Эти парадные выглядят как разграбленные гробницы.
Склепы, подвергшиеся нашествию и поруганию с чёрного входа истории в эпоху, что сама давно уже отошла в область преданий.
Иные производят впечатление лабиринтов, уводящих в толщу воспоминаний о ледниковом периоде.
Двойная экспозиция позволяет обнаружить призрачную, галлюцинаторную природу этих последних.
Они отслаиваются от сетчатки под стать ветшающей, облезающей штукатурке, за которой проступают всё новые и новые геологические слои.
Вслед за их чередой, в зыбкой патине оплывающих контуров, не успевающих, неспособных сложиться в образ, взгляд упирается в стигматы лучащейся прозрачности, почти пустоты.
Так время совершает мёртвую петлю.
И вместе с медленным просачиванием его вязкой, тягучей субстанции в зрачок история совпадает с собственным истоком: насилием.
Точка кристаллизации.
Мессианское застывание хода событий.
Развоплощение равно здесь обретению зрения.
Сверкающий магниевый рубец, сшивающий его обезображенные лоскутья.
Эхо, отпавшее от влажной стихии голоса и блуждающее в стоячей воде амнезии. Реликты повальной экспроприации.
Очень скоро эти парадные обретут совсем другой вид.
Скорбь выйдет из моды (уже вышла).
Мы присутствуем при последних проблесках исторической истины её руинах. Континуум истории должен быть взорван.
--------
Когда G. переходит на английский язык, она словно бы отслаивается, как переводная картинка, от расплывающегося образа себя же самой, с которым, казалось бы, породнилась.
Речь преображается, становится неуступчивей, суше; в ней пробуждаются властные нотки неуёмности, силы влекущие и отталкивающие, вытесняющие в какой-то вакуум.
Она словно бы отстраняется и с этой дистанции овладевает собой.
Рот сведён в самодостаточном плеоназме.
Замкнут на неприступную идиому.
Запечатан латиницей.
Замкнутость, переходящая в безмерную чуждость, пьянит, как иных крохотная родинка или шрам на лопатке.

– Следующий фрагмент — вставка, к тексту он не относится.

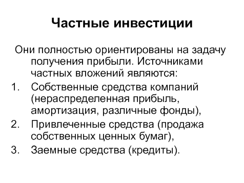 Они полностью ориентированы на задачу получения прибыли. Источниками частных
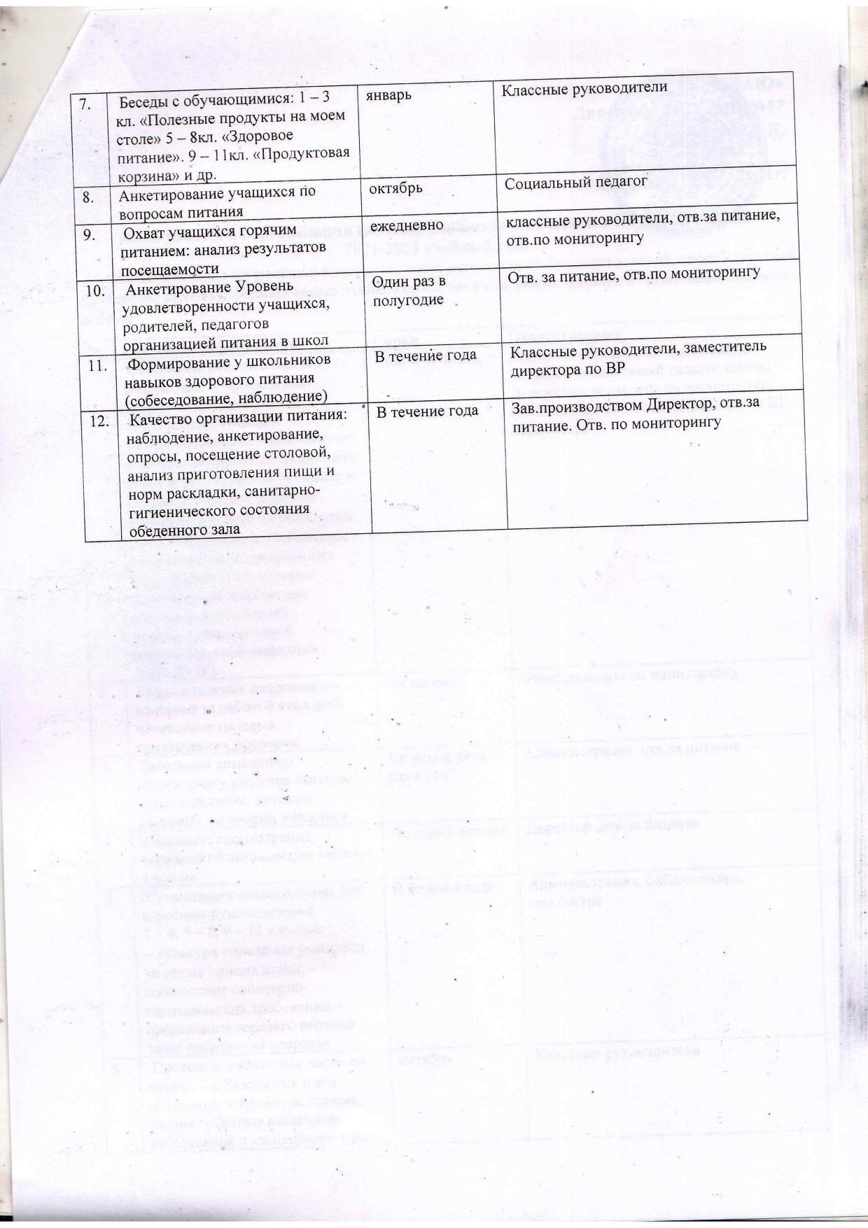 02 қыркүйек 2021 0 1 2 3 4 5 План работы по организации питания учащихся 1-11 классов КГУ ОШ №57 на 2021-2022 учебный год

Или лёгкая асимметричность черт.
Я фетишизирую голос.
Его ствол уходит корнями вниз, в пучину горла, водоворот пищевода, хлев живота, в вавилонские ясли блуда, где так вольготно тонуть.

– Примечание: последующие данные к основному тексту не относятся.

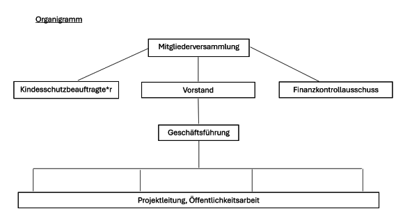 Die Mitgliederversammlung bestimmt die Richtlinien und Prioritäten des Vereins im Rahmen der Satzung und tagt mindestens einmal jährlich. Sie wählt die Mitglieder des Vorstands, des Finanzkontrollausschuss sowie den*die Kindesschutzbeauftragte*n. Sie bestätigt das Mandat des Geschäftsführers und bestimmt die externe Wirtschaftsprüfung Sie beschließt den Wirtschaftsplan und genehmigt den Jahresabschluss auf der Grundlage des Wirtschaftsprüfungsberichts. Außerdem definiert sie die Aufgaben des FKA. Die Mitgliederversammlung bestätigt neue Mitglieder im Verein und stimmt über wichtige richtungsweisende Fragen ab. Die Mitgliederversammlung Die Mitglieder von Kinderrechte Afrika e. V. bringen sich in einem selbstgewählten Umfang ehrenamtlich ein und verpflichten sich zur Kindesschutz-Policy des Vereins. Alle Organmitglieder sowie Mitarbeitende legen zusätzlich alle 3 Jahre ein erweitertes Führungszeugnis vor.
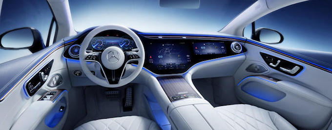 MBUX Hyperscreen系統的貫穿式OLED大屏由不規則造型的曲面玻璃打造,三塊液晶屏幕完整一體,覆蓋了整個中控區域。操作方面,無論是否選裝MBUX Hyperscreen系統,奔馳EQS中控區域都取消了絕大部分實體按鍵,以觸摸操作代替。更重要的是,MBUX Hyperscreen系統還搭載了8CPU24GB內存、46.6GB/s帶寬的硬件,讓操作更加迅速,處理信息更加高效。
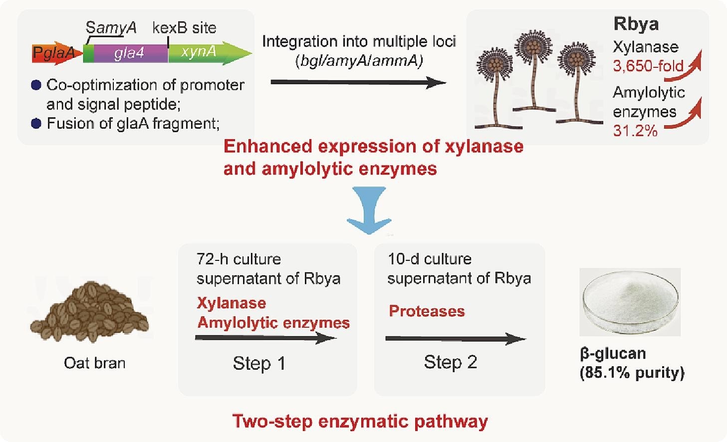 陈坚院士团队刘松研究员课题组在黑曲霉蛋白表达调控及β-葡聚糖制备方面取得重要进展,研究成果“Enhanced expression of xylanase in Aspergillus niger enabling a two-step enzymatic pathway for extracting β-glucan from oat bran” 正式发表于Bioresource Technology(IF=11.889)(//www.sciencedirect.com/science/article/pii/S0960852423003887?via%3Dihub#f0035)。
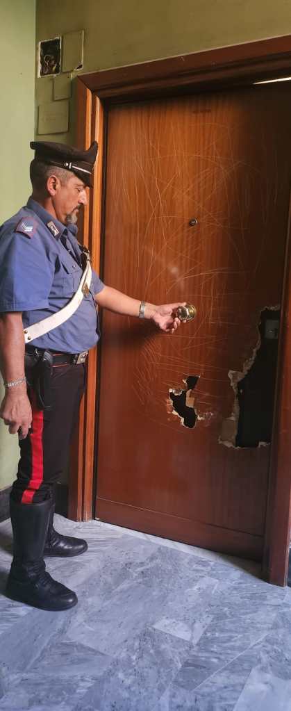 Ieri pomeriggio, l’uomo si è presentato presso a casa della madre in via Matteo Tondi. L’anziana in quel momento non era in casa e così dopo aver citofonato più volte e bussato alla porta senza ricevere risposta, ha iniziato a colpirla con un martello, danneggiandola.
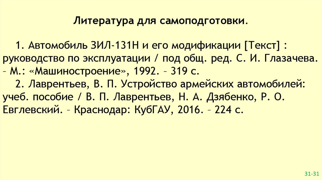 Литература для самоподготовки.1. Автомобиль ЗИЛ-131Н и его модификации [Текст] :
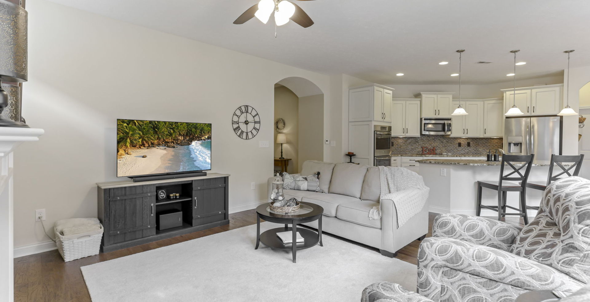 You will love the open floorplan with natural lighting. Spacious living room with shiplap accent wall, gas fireplace, ceiling fan, large windows, transom windows and custom blinds.

Причём всякий раз я уподобляюсь ему всё больше и больше.
Завораживающая близость.
Just say it.
Она доставляет мне удовольствие языком, на котором я едва успеваю за ней угнаться, чувствуя, как сам превращаюсь в чужестранца себе самому.
Переведи.
Всё чаще и чаще это удовольствие начинает причинять боль.
--------
(what a horrifying dream...and yes, very kafkian. it seems to me to have so much to do with the power of language you pronounce yourself guilty, you are pronounced to be arrested your confinement is in word only you can leave but you choose to stay. the source of your guilt (hashish) is simultaneously symbolic of home (the keys). you want to write a novel but remember that you are in russia you can escape to new york, but you lack the "keys" to get in. and so you live below ground, in a small civilization, a sub(way) culture where life with its movements and celebrations goes on.
strange, but not so strange...)
--------
Телефон-автомат. Звонок G.
Несколько раз подряд путаю девятку с шестёркой, в конце концов попадаю.
Я дома, перезвони.
Через полтора часа на "Восстания".
Пешком по перерытому Невскому.
У Казанского Собора троллейбус.
Схожу на Пушкинской.
Пока сижу на ступеньках и читаю старый номер ХЖ (из тех, что сподобился мне наконец-то вернуть Денис) со статьёй Бретона о Троцком, дважды подходят с предложением купить травы и один раз две проститутки.
Ничего не нужно?
Сквозь зубы, походя, тотчас направляясь к следующему клиенту.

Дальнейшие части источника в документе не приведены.